31 Aralık 2009 Perşembe

Idil Istanbul'dan bildiriyor

2009'un son gunu, biz Istanbul'da dayimlardayiz. Daha once Roma'da babaannemlerdeydik. Bir patirti gurultu bugunlerde sormayin arkadaslar. Bir suru yeni yuz, yeni ses, yeni yer, yeni koku... aklim karismadi degil ama cok cok heyecanliyim. Ama heyecanimin asil nedeni yurumeye baslamam. Artik pata kute de olsa tutunmadan kisa mesafeleri iki ayak uzerinde katedebiliyorum yuppppiiiii.

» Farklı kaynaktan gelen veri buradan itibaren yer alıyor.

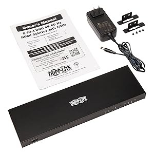 With no software or drivers required, the B118-008E-UHD-2 is completely plug and play. Simply connect your source and displays to the splitter using HDMI cables (such as Tripp Lite’s P568-Series, sold separately), then plug the included power supply into an AC outlet. An array of LEDs will illuminate to let you know the splitter is receiving power and your displays are connected. Use the included hardware to mount the unit to a desktop or wall.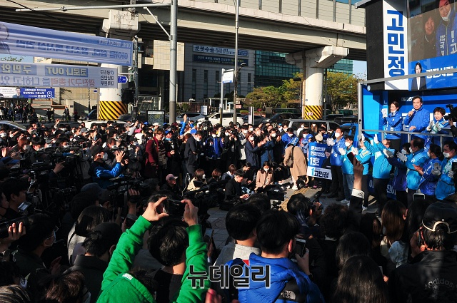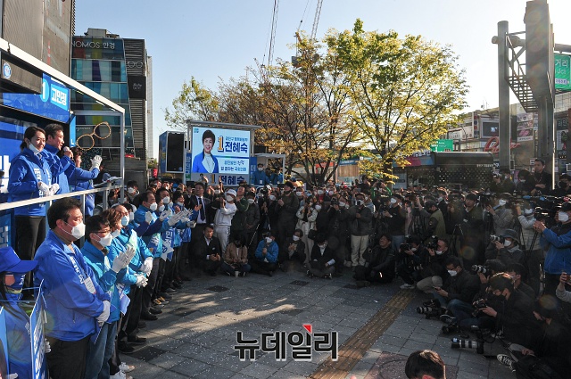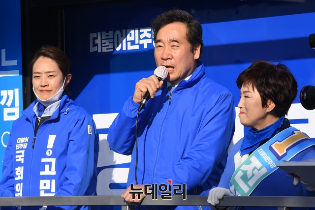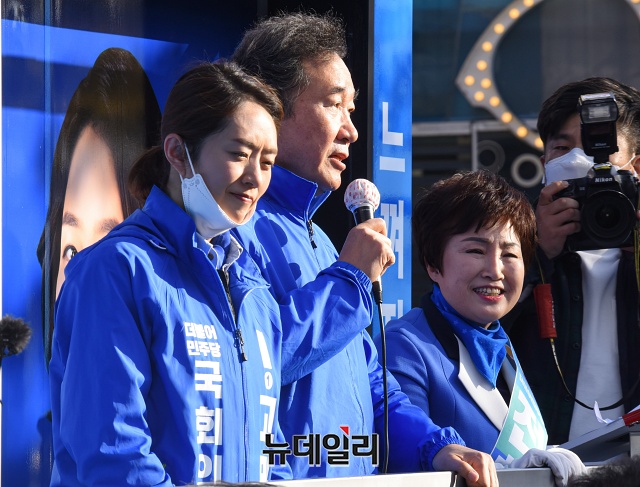 이낙연 더불어민주당 상임공동선대위원장이 13일 오후 서울 광진구 건대입구 사거리에서 전혜숙 광진갑 후보, 고민정 광진을 후보와 유세차량에 올라 지지호소를 하고 있다.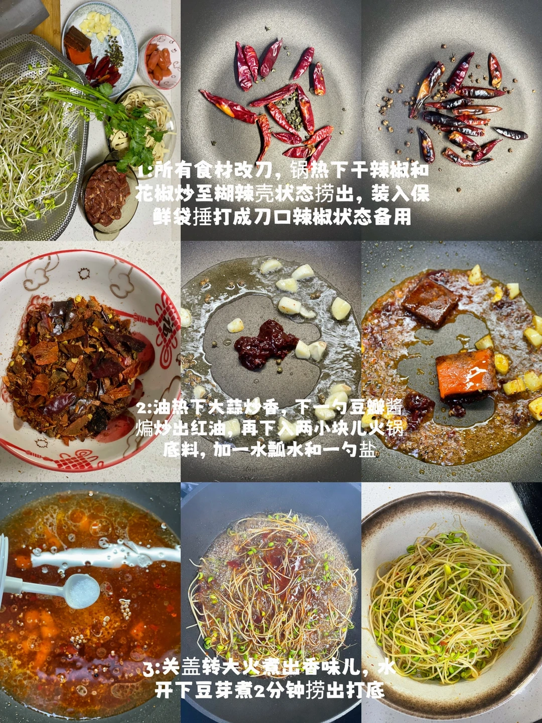 🧾食材:牛肉,豆芽,千张,脆皮肠,火锅底料,大蒜,花椒,香菜(素菜可随意切换,自己喜欢的都🉑️)

Baska neler yapiyorum? Bu aralar kitaplara takdim, sayfalari cevirmeye bayiliyorum. En sevdigim kitaplarim: yesil fare, biberonlu ayicik, bu kim, ne yapiyor ve noel baba. Noel baba kitabini ananem almisti. Noel babanin getirdigi hediyelerden en cok renkli topu seviyorum, sayfadan cikarip elime almak istiyorum ama olmuyor. Yesil fare sayfalar arasinda bir oraya bir buraya kosturuyor ben de onu yakalamaya calisiyorum. Bu yesil fare cok yaramaz, kakasini yapip kikiki guluyor. Annem bana nerede yesil farenin kakasi diye soruyor, ben gosterince pek bir mutlu oluyor sonra biz de fare gibi kikiki guluyoruz.

Enne, baba, mama, gusel, hadi gel diyorum. Birkac kere italyanca bir iki kelime soyledilm ama dah cok turkce takiliyorum. Annemi ve babami farkli dillerden idil onu bana ver dediklerinde anliyorum, genelde itaat ediyorum ama arada kafam atarsa duymamazliktan geliyorum.

Bu arada anlatilacak cok sey var, ananemin istanbula gidisi, ucak yolculuklarimiz, yolda gorduklerim, romadaki akrabalarim, babaannemin kopegi camilla ama simdi vaktim yok. Bugun uzun birgundu. Birazdan banyo yapip, uyumam gerek. Yarin yeni bir yil basliyor, yeni yila dinlenmis ve formda girmeli.

Herkese iyi seneler. 2010 da 2009 gibi cok yorucu bir yil olacak, ogrenecek cok seyimiz var. Hepimize kolay gelsin.